Vasopressor management is a cornerstone in the haemodynamic management of septic shock for reversing hypotension by increasing systemic vascular resistance and improving organ perfusion. The Surviving Sepsis Campaign (SSC) guidelines 2021 recommend an initial target mean arterial pressure (MAP) of 65 mmHg with norepinephrine (also known as noradrenaline) as first-line vasopressor agent, vasopressin (also known as argipressin, arginine vasopressin, and anti-diuretic hormone) as recommended second-line vasopressor (Evans et al. 2021). This article will try to address when to initiate vasopressor management for best possible patient outcome, based on the currently existing evidence.

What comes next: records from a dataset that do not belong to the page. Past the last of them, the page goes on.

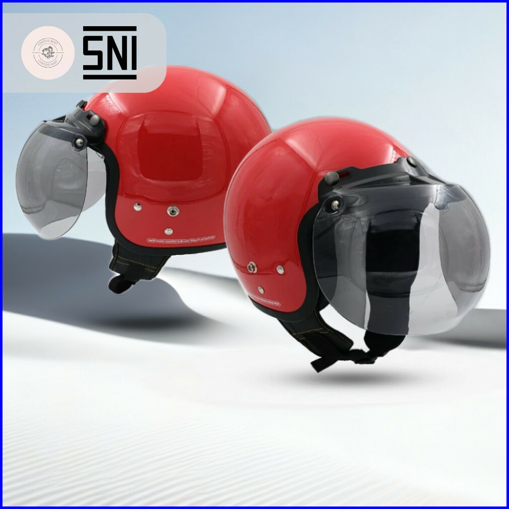 Helm Bogo Half Face Polos Dewasa Classic Retro Ori Hds Helmet Untuk Pria Wanita - Sni
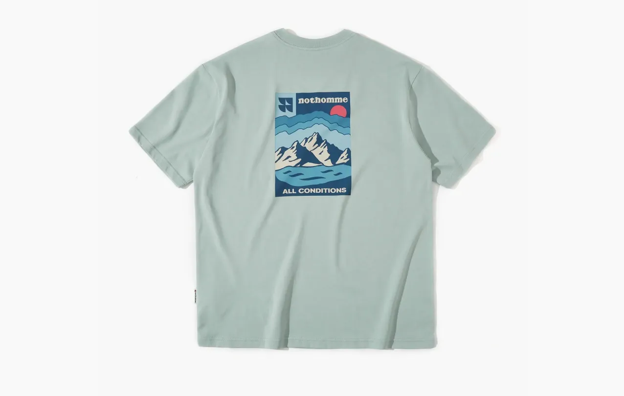 Футболка Nothomme Mountain Peak Water Land Air Print T-Shirt в цвете Mint Blue — это графическая модель, вдохновлённая эстетикой outdoor-приключений. Её главная особенность — крупный художественный принт с изображением горных вершин, водных пространств и неба, что создаёт ощущение свободы и связи с природой.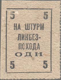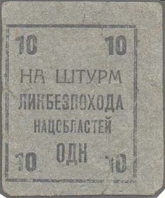 1929 1929 г. Разм. 39 х 47 мм. Одноцветная печать на серо-зеленоватой бумаге низкого качества. В центре в прямоугольной рамке разм. 31 х 37 мм текст в четыре строки: «На штурм ликбезапохода нацобластей ОДН». По внутренним углам рамки цифры номинала.
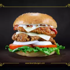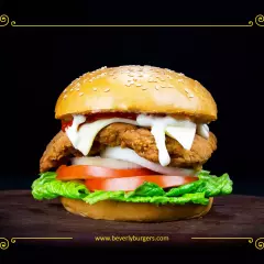 Doble pechuga de Pollo spicy crujiente, salsa BBQ, aros de cebolla, lechuga, tomate, cebolla, queso suizo, aderezo Ranch y mayonesa.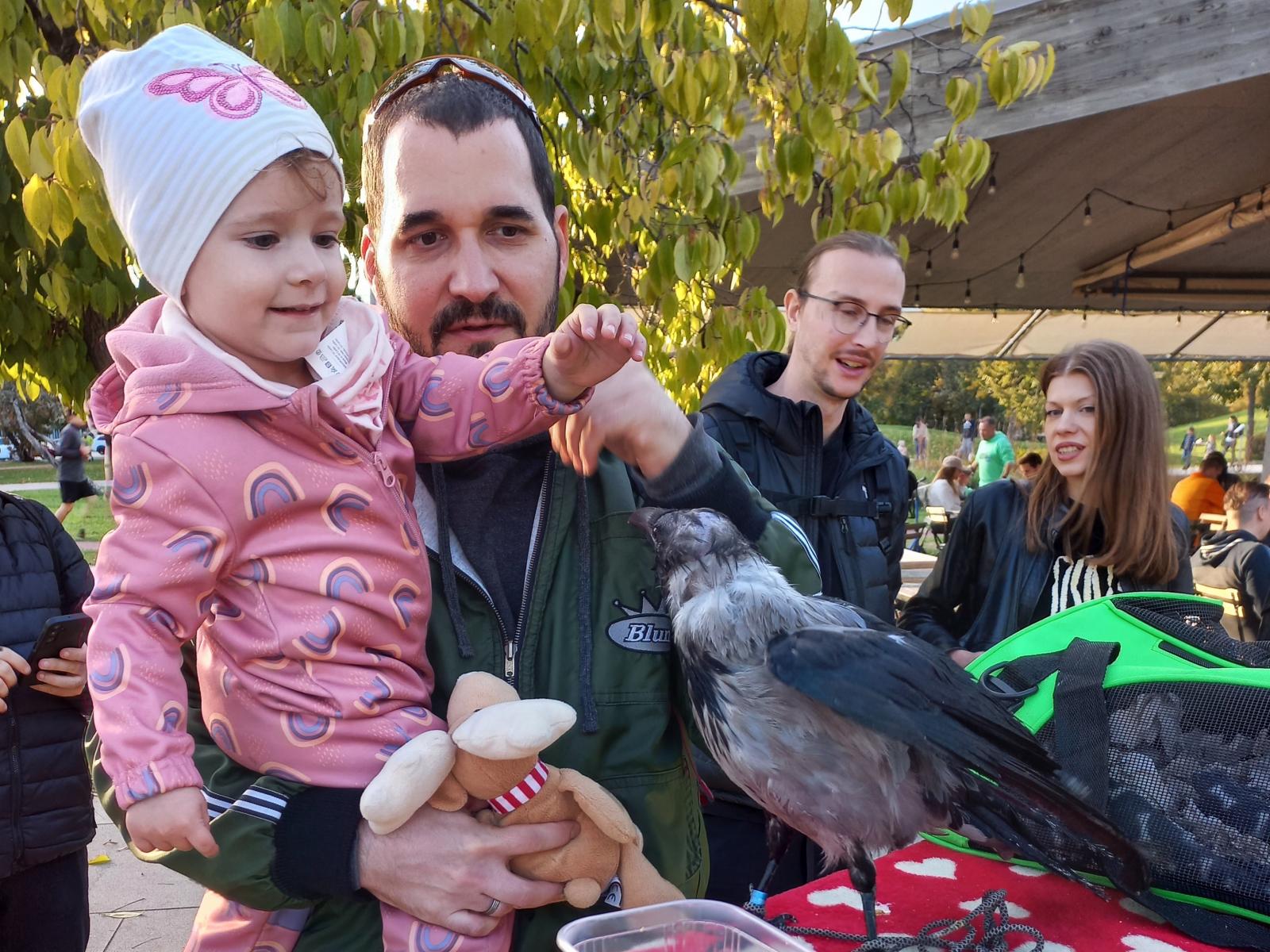 Veres Dorottya, akinek a varjúját a helyszínen megsimogathatták az érdeklődők, a Visszhangnak elmondta, hogy 12 éve foglalkozik madármentéssel. Akkoriban egy társasházban lakott, és a történet egy kis rozsdafarkúval indult, amely kiesett a fészekből. Aztán a madárka testvérét is meg kellett menteni, majd egyszer csak azt vette észre, hogy mindenhol madár van a lakásban. Végül a dolmányos varjak mellett kötelezte el magát, ugyanis ők a legszociálisabbak. Egyszerűen szereti nézni a röptüket, mert olyankor is kitekintenek jobbra-balra, állandóan érdeklődve a környezetük iránt. Emellett hihetetlen játékos lények.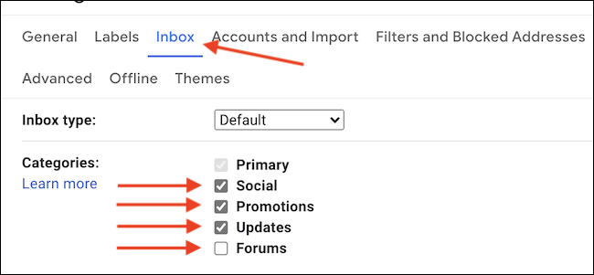 在“设置”中,转到“收件箱”选项卡。在类别部分,取消选中要删除的类别。您可以禁用“社交”、“促销”、“更新”和“论坛”类别。
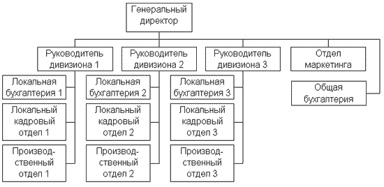 Рис.3. Линейно-функциональная структура управления В качестве преимуществ линейно-функциональных структур, как правило, отмечают: · стимулирование деловой и профессиональной специализации в условиях этой структуры управления; · высокую производственную реакцию компании, так как она построена на узкой специализации производства и узкой квалификации специалистов; · уменьшение дублирования усилий в функциональных областях. Несмотря на широкое распространение линейно-функциональных структур управления, существует целый перечень их недостатков: · размывание разработанной стратегии развития компании: подразделения могут быть заинтересованы в реализации своих локальных целей и задач в большей степени, чем всей компании в целом, то есть ставить свои собственные цели выше целей всей компании; · отсутствие тесных взаимосвязей и взаимодействия на горизонтальном уровне между подразделениями; · резкое увеличение объема работы руководителя компании и его заместителей из-за необходимости согласования действий разных функциональных служб; · чрезмерно развитая система взаимодействия по вертикали; · утрата гибкости во взаимоотношениях работников аппарата управления из-за применения формальных правил и процедур; · слабая инновационная и предпринимательская реакция компании с такой организационной структурой управления; · неадекватное реагирование на требования внешней среды; · затруднение и замедление передачи информации, что сказывается на скорости и своевременности принятия управленческих решений; цепь команд от руководителя к исполнителю становится слишком длинной, что затрудняет коммуникацию. Учитывая все вышеперечисленные недостатки, важно подчеркнуть, при каких условиях они сглаживаются: · линейно-функциональные структуры управления наиболее эффективны там, где аппарат управления выполняет рутинные, часто повторяющиеся и редко меняющиеся задачи и функции, то есть в компаниях, функционирующих в условиях решения стандартных управленческих проблем. · достоинства этих структур проявляются в управлении компаниями с массовым или крупносерийным типом производства, в компаниях, выпускающих относительно ограниченную номенклатуру продукции; · они наиболее эффективны при хозяйственном механизме затратного типа, когда производство наименее восприимчиво к прогрессу в области науки и техники; · линейно-функциональные структуры успешно применяются в компаниях, действующих в стабильных внешних условиях. [10] В настоящее время классические линейно-функциональные структуры присущи лишь мелким и части средних компаний. Они редко используются на уровне транснациональных корпораций, чаще – на уровне их подразделений за рубежом. Для крупных компаний доминирующим стал дивизиональный подход к построению организационных структур управления. 2.2. Дивизиональные (отделенческие) структурыДивизиональные (отделенческие) структуры управления являются наиболее совершенной разновидностью организационных структур иерархического типа и часто их считают средним типом между бюрократическими и адаптивными структурами управления. Впервые дивизиональные структуры управления появились в конце 20-х годов на предприятиях ''Дженерал Моторс'', а наибольшее распространение они получили в 60 –70-е годы ХХ века. В эти годы крупны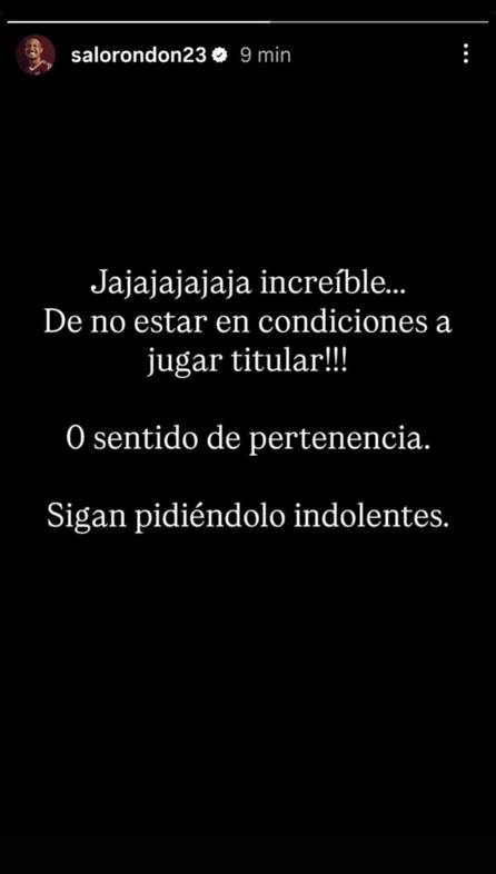 A través de su cuenta personal de Instagram, Salomón escribió: “Jajajajajaja increíble… De no estar en condiciones de jugar titular!!! 0 sentido de pertenencia. Sigan pidiéndolo indolentes”.
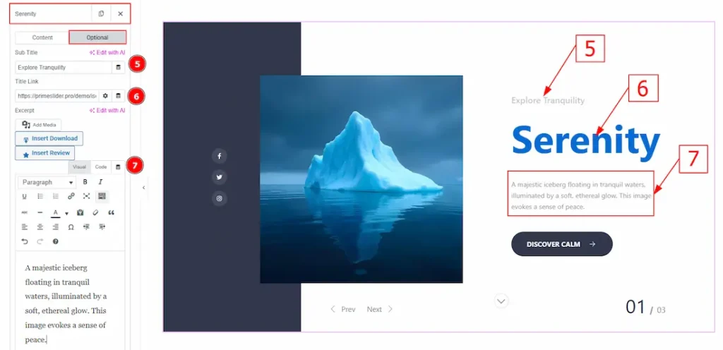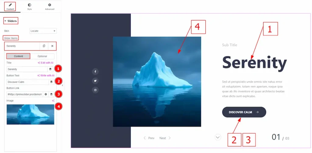 In the Slider Items, each item contains more options. There are two tabs that present those options. These are Content & Optional. Let’s start with the Content Tab –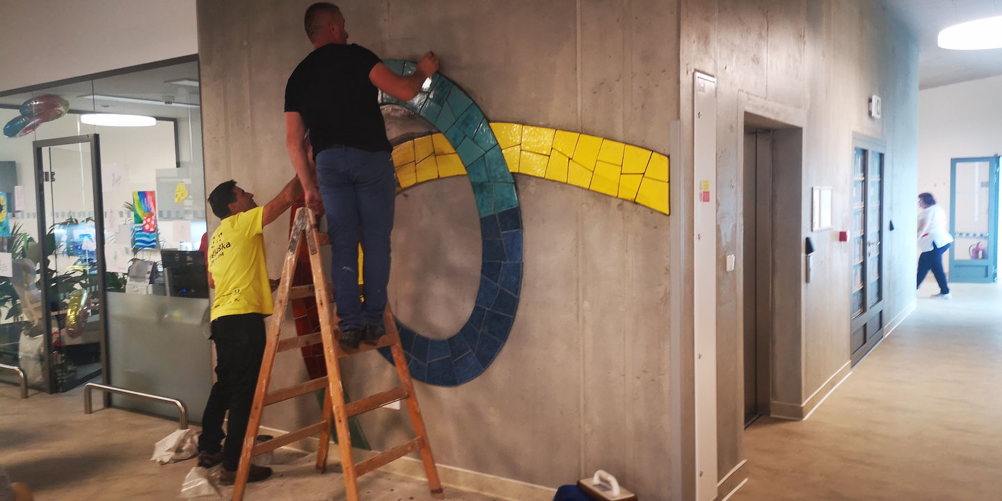 Barevný keramický nástěnný obraz jsem navrhla jako jednoduchou barevnou linii, která v budově domova prochází třemi podlažími nad sebou.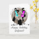 Funky, trendy stick figure silhouettes of shopping divas with attitude wearing modern retro clothing in turquoise and pink, surrounded by bags of shopping, a beige circle and floral swirls. CUSTOMIZE IT - Change the wording to suit any birthday, wedding, family or friendship occasion. BACKGROUND COLOR - Use the "customise it" button to change it to any colour of your choice.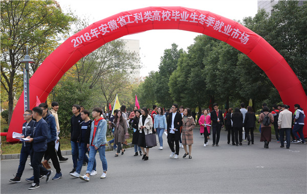 11月10日,安徽省工科类高校毕业生就业市场暨我校2018年冬季就业市场在秀山校区4个场馆举办,来自全国17个省市的475家用人单位,提供了1.3万个就业岗位。会前,校党委书记刘新跃多次听取工作汇报,要求精心组织好就业市场,促进毕业生充分和高质量就业。校长魏先文,副校长祖明、林钟高、顾明言和安徽省大中专毕业生就业指导中心副主任袁江林一同到就业市场检查指导工作,与参会单位代表和毕业生进行交流,了解社会和行业的岗位需求以及毕业生求职情况。各院领导班子、专业教师和毕业班辅导员在各招聘会场中,对接用人单位,收集企业需求,指导毕业生就业。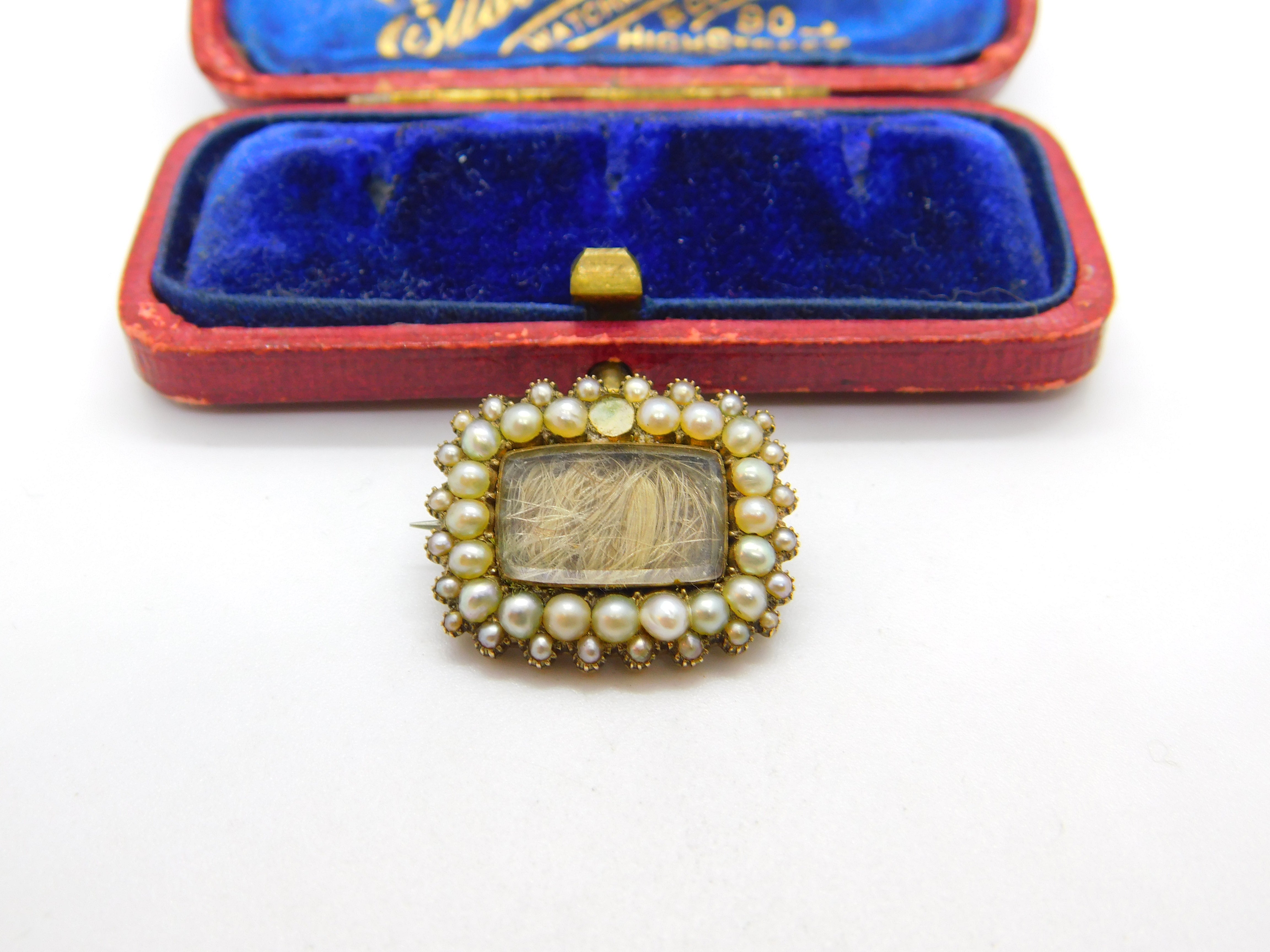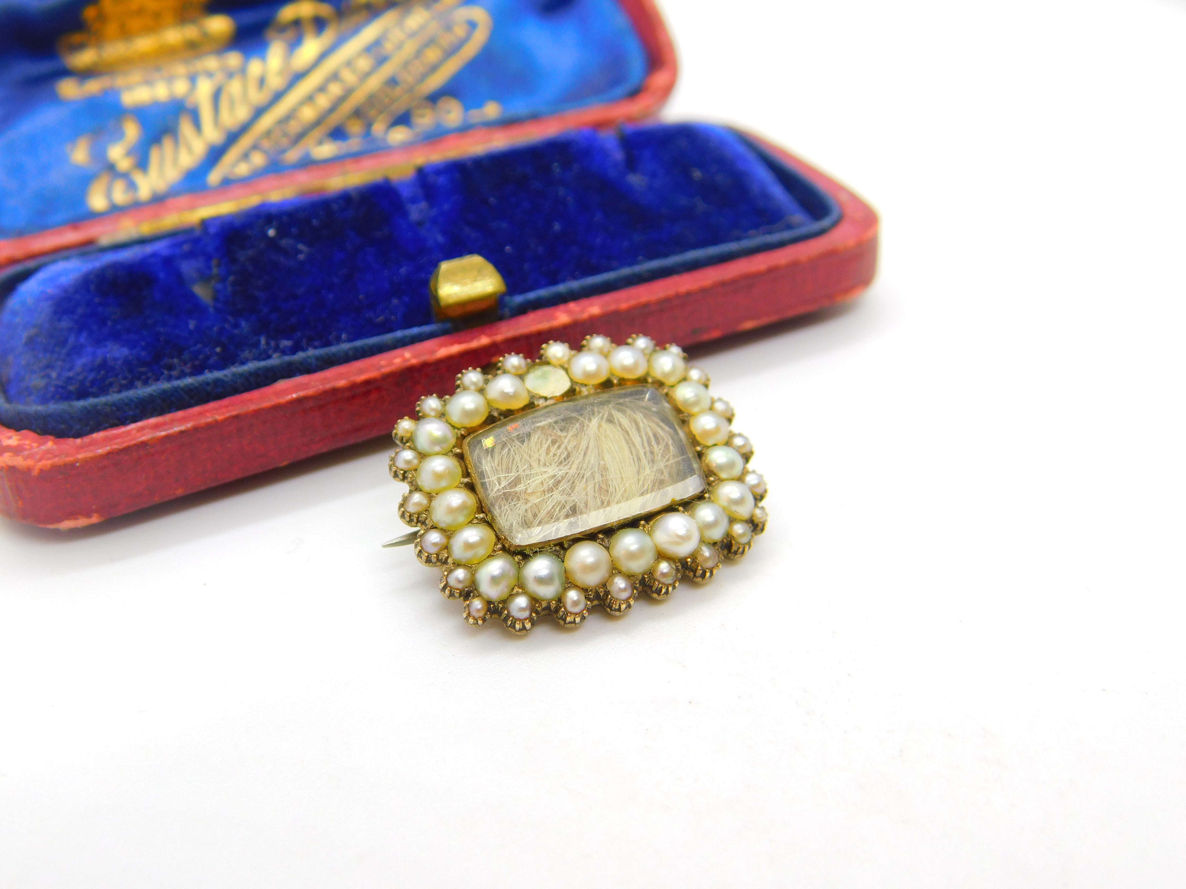 Details: A fantastic and wonderfully designed antique early Victorian 9ct gold, seed pearl and hair plait mourning brooch c1850 - missing one pearl although easily replaced and the gold has been XRF tested. This is a wonderful item that would make a perfect gift or addition to any collection. The BOX pictured is for PRESENTATION ONLY and is NOT included in the listings but used to frame the pictures unless specifically stated otherwise.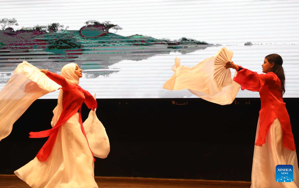 Egyptian Students perform during a Chinese New Year celebration at Ain Shams University in Cairo, Egypt, on Feb. 10, 2026. A Chinese New Year celebration for the Year of the Horse was held Tuesday at Ain Shams University in Cairo, bringing together Chinese teachers and Egyptian students for a festive showcase of cultural exchange and deepening friendship. (Xinhua/Ahmed Gomaa)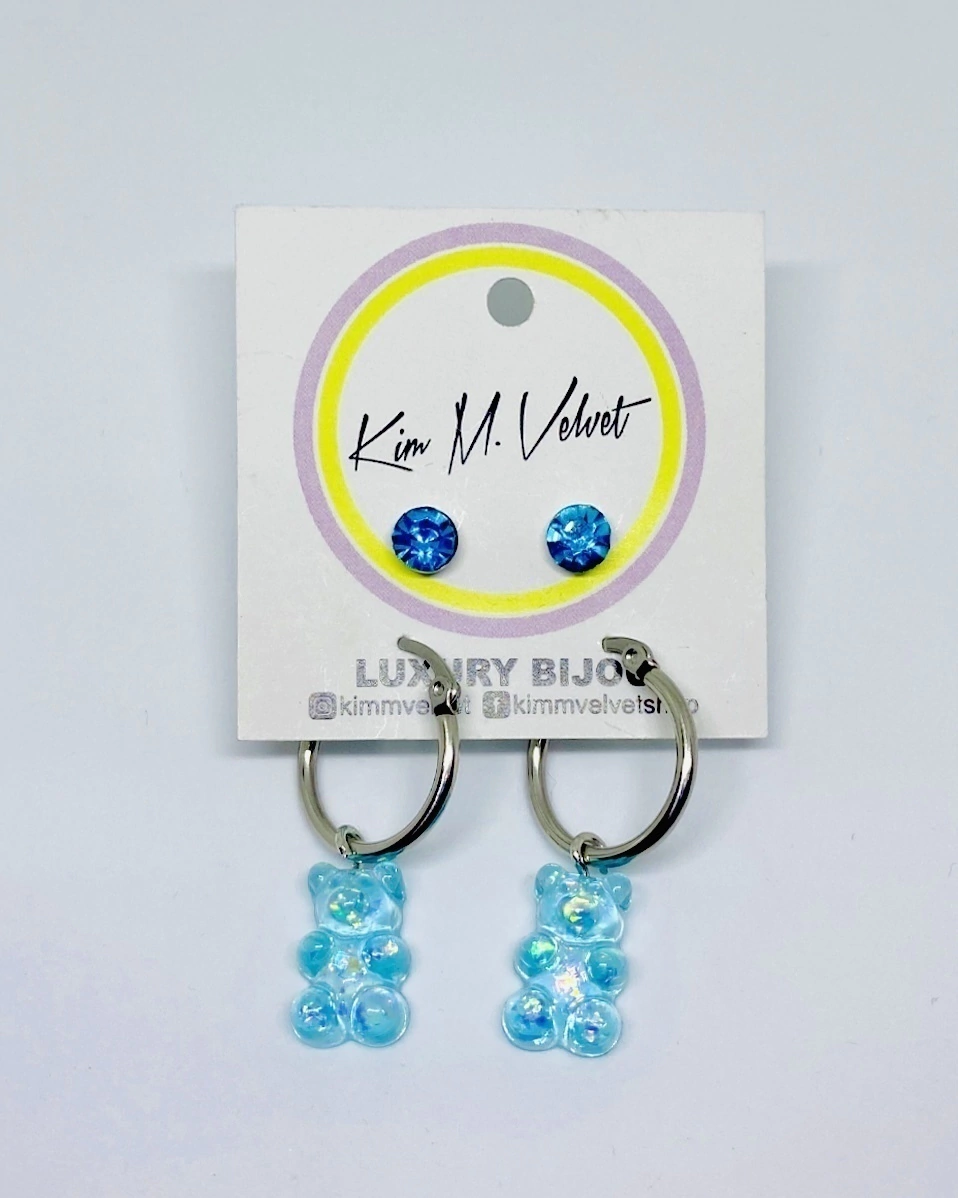 Set de aritos de acero compuesto por un par de chispitas más un par de argollas con ositos.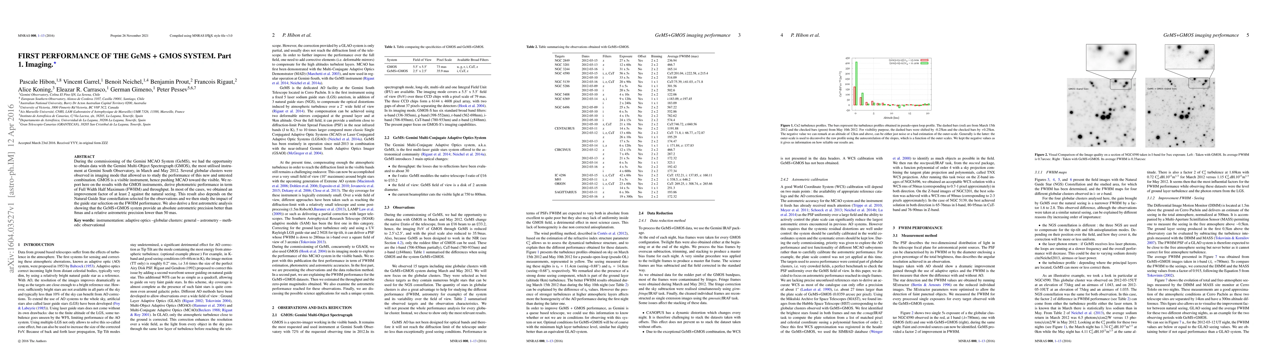 During the commissioning of the Gemini MCAO System (GeMS), we had the opportunity to obtain data with the Gemini Multi-Object Spectrograph (GMOS), the most utilised instrument at Gemini South Observatory, in March and May 2012. Several globular clusters were observed in imaging mode that allowed us to study the performance of this new and untested combination. GMOS is a visible instrument, hence pushing MCAO toward the visible.We report here on the results with the GMOS instruments, derive photometric performance in term of Full Width Half Maximum (FWHM) and throughput. In most of the cases, we obtained an improvement factor of at least 2 against the natural seeing. This result also depends on the Natural Guide Star constellation selected for the observations and we then study the impact of the guide star selection on the FWHM performance.We also derive a first astrometric analysis showing that the GeMS+GMOS system provide an absolute astrometric precision better than 8mas and a relative astrometric precision lower than 50 mas.

Hypotension and Poor Clinical Outcomes: Benefits of Early Norepinephrine Initiation

The amount of time spent continuously below a MAP threshold of 65 mmHg is a strong predictor of mortality, with each additional 2-hour increment in the longest episode under threshold being associated with a progressive increase in mortality rate (Vincent et al. 2018). An immediate action for resolving hypotension should be taken as quickly as possible, as the early administration of a first-line vasopressor, namely norepinephrine, is associated with better patient outcomes, such as shorter periods of hypotension and higher survival rate (Bai et al. 2014; Colon et al. 2020). The SSC 1-hour bundle recommends starting norepinephrine within one hour of fluid resuscitation, if fluid administration alone is not sufficient to achieve target MAP (Levy et al. 2018). This can not only prevent prolonged periods of hypotension, but also prevent harmful fluid overload (Hamzaoui and Shi 2020).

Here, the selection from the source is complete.